7 Filtering and subsetting

Some different examples of extracting particular parts of the play-by-play data.

7.1 Attack after perfect or good reception

Aim: find attacks after perfect or good reception

In the Reception quality section, we added a reception_quality column to our data frame. We can use this now to identify reception-phase attacks, in rallies where reception was good or perfect:

px %>% dplyr::filter(skill == "Attack" & phase == "Reception" & grepl("Perfect|Positive", reception_quality)) %>%
  group_by(team) %>% dplyr::summarize(kill_rate = mean(evaluation == "Winning attack"))
#> # A tibble: 2 × 2
#>   team         kill_rate
#>   <chr>            <dbl>
#> 1 GKS Katowice     0.636
#> 2 MKS Będzin       0.585

7.2 Players on court

Aim: to extract the subset of our plays dataframe that correspond to points where particular players were on court.

First some helper functions:

## find rows where a single player is on court
player_on_court <- function(x, target_player_id, team = NULL) {
  if (!is.null(team)) team <- match.arg(team, c("home", "visiting"))
  ## 'team' is optional here, if NULL then we look at both home and visiting teams
  idx <- rep(FALSE, nrow(x))
  if (is.null(team) || team == "home") {
    idx <- idx | x$home_player_id1 == target_player_id | x$home_player_id2 == target_player_id | x$home_player_id3 == target_player_id |
                 x$home_player_id4 == target_player_id | x$home_player_id5 == target_player_id | x$home_player_id6 == target_player_id
  }
  if (is.null(team) || team == "visiting") {
    idx <- idx | x$visiting_player_id1 == target_player_id | x$visiting_player_id2 == target_player_id | x$visiting_player_id3 == target_player_id |
                 x$visiting_player_id4 == target_player_id | x$visiting_player_id5 == target_player_id | x$visiting_player_id6 == target_player_id
  }
  idx[is.na(idx)] <- FALSE
  idx
}

## find rows where any of our target players are on court
any_player_on_court <- function(x, target_player_ids, team = NULL) {
  ## for each target player, find rows where they are on court
  out <- lapply(target_player_ids, function(pid) player_on_court(x, target_player_id = pid, team = team))
  ## and now find rows where ANY of those players were on court
  apply(do.call(cbind, out), 1, any)
}

## find rows where all of our target players are on court
all_players_on_court <- function(x, target_player_ids, team = NULL) {
  ## for each target player, find rows where they are on court
  out <- lapply(target_player_ids, function(pid) player_on_court(x, target_player_id = pid, team = team))
  ## and now find rows where ALL of those players were on court
  apply(do.call(cbind, out), 1, all)
}

And then we can apply these functions, for example to find rows when both of the players with id BR5 and BR10 are on court:

nrow(px) ## the number of rows in the full dataframe
#> [1] 1652
my_target_player_ids <- c("BR5", "BR10")
px2 <- px[all_players_on_court(px, my_target_player_ids), ]
nrow(px2) ## the number of rows in the filtered dataframe
#> [1] 0

7.3 First transition attack

Aim: find rows corresponding to the first transition attack opportunity in each rally (i.e. after the receiving team has attacked, find the first attack by the serving team).

As noted in the Identifiers setion, each team’s dig-set-attack (or whatever touches they make on their side of the net) has a unique team_touch_id value.
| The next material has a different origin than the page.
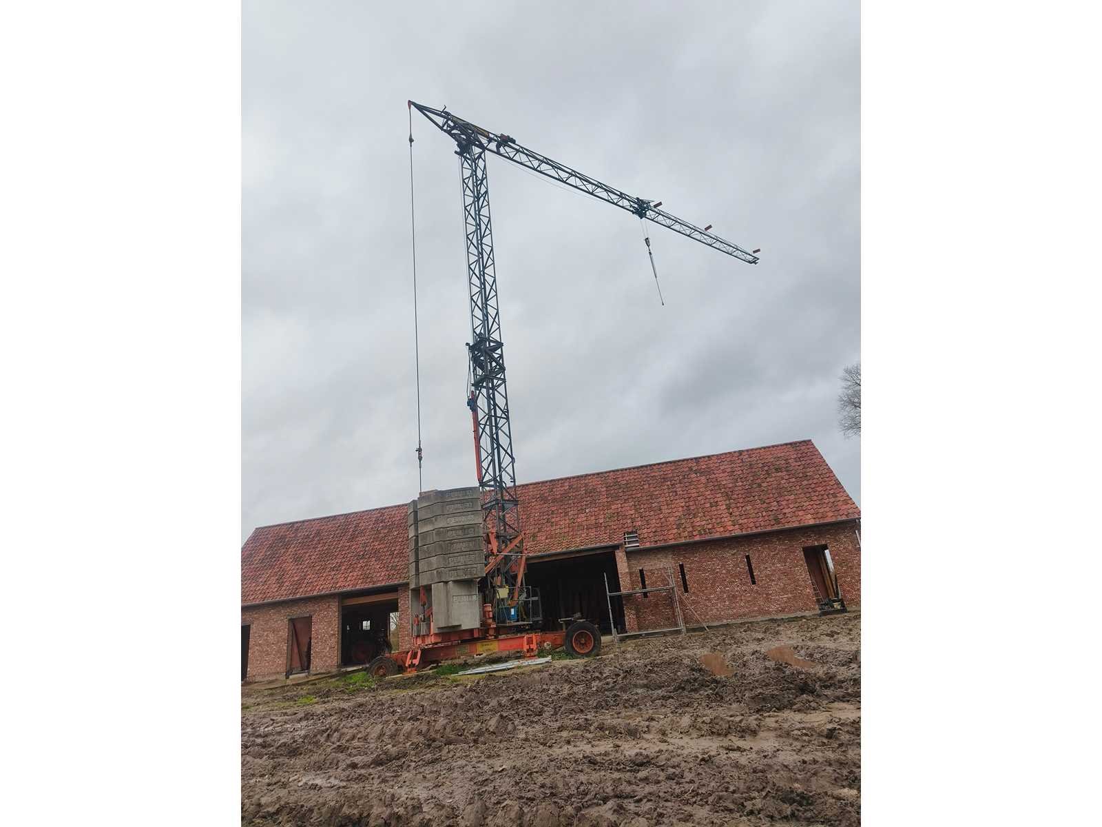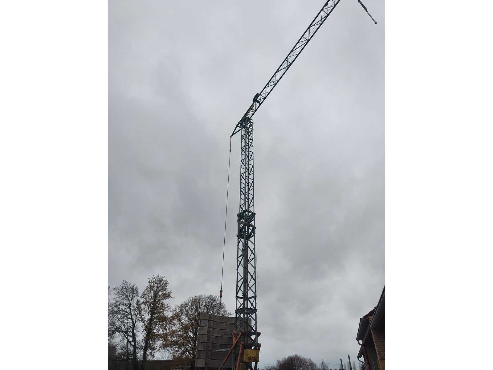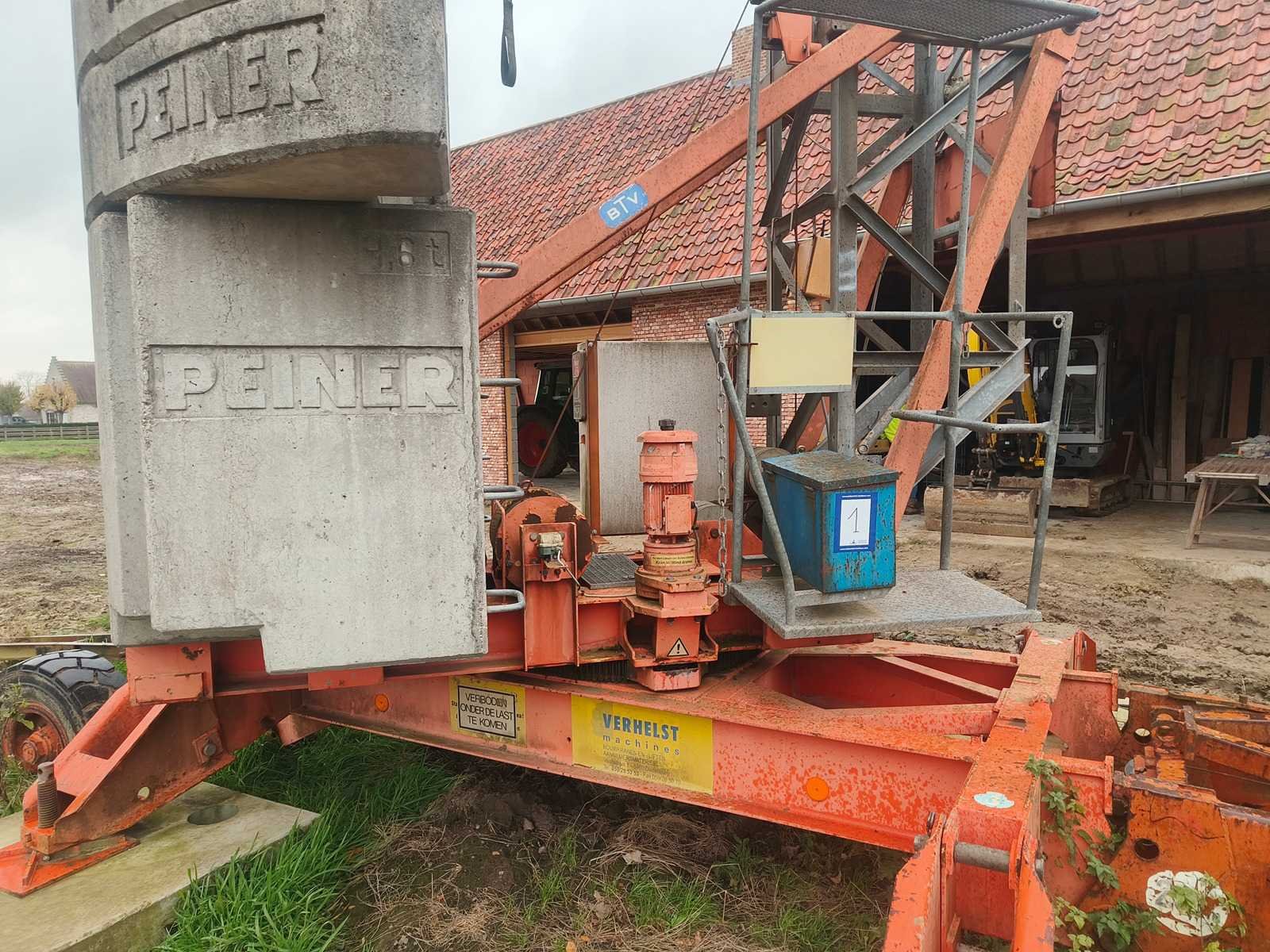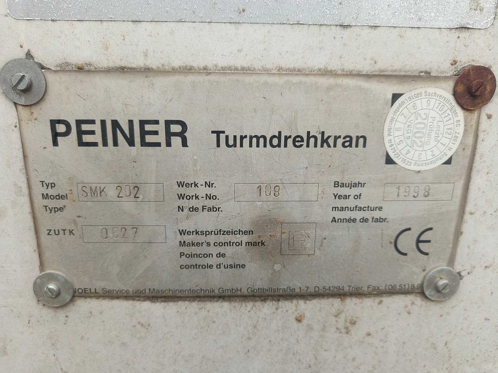 Demontage ten laste voor de koper. Opgesteld en af te breken in Nevele. Inbegrepen contragewichten: 1x 4600 kg / 7x 2000kg Inbegrepen 4 voetplaten: (120x120x15 cm) Inbegrepen pallethaak Totale afmetingen voor transport: 14700mm x 2500mm x 3700mm Nee Merk: Peiner Type: SMK202 Bouwjaar: 1998 Serienummer: 108 Max. hijscapaciteit: 2200kg Gieklengte: 25m Max. hijshoogte: 20m Met kraanboek: true

First we find the team_touch_id values for reception-phase play, and then add one to each to get the next team touch (i.e. the first transition play, by the other team — but note that this next touch also has to be part of the same point, so we keep track of point_id too):

ttid <- px %>% dplyr::filter(skill == "Reception") %>% distinct(match_id, point_id, team_touch_id) %>% 
    mutate(team_touch_id = team_touch_id+1, is_fta = TRUE)
## join this to px
px <- px %>% left_join(ttid, by = c("match_id", "point_id", "team_touch_id")) %>%
    mutate(is_fta = case_when(is.na(is_fta) ~ FALSE, TRUE ~ is_fta)) ## clean up the NAs

The px$is_fta column should be TRUE for all actions that are in first-transition play, and you can extract what you need from that (filter just the attacks, or whatever you need).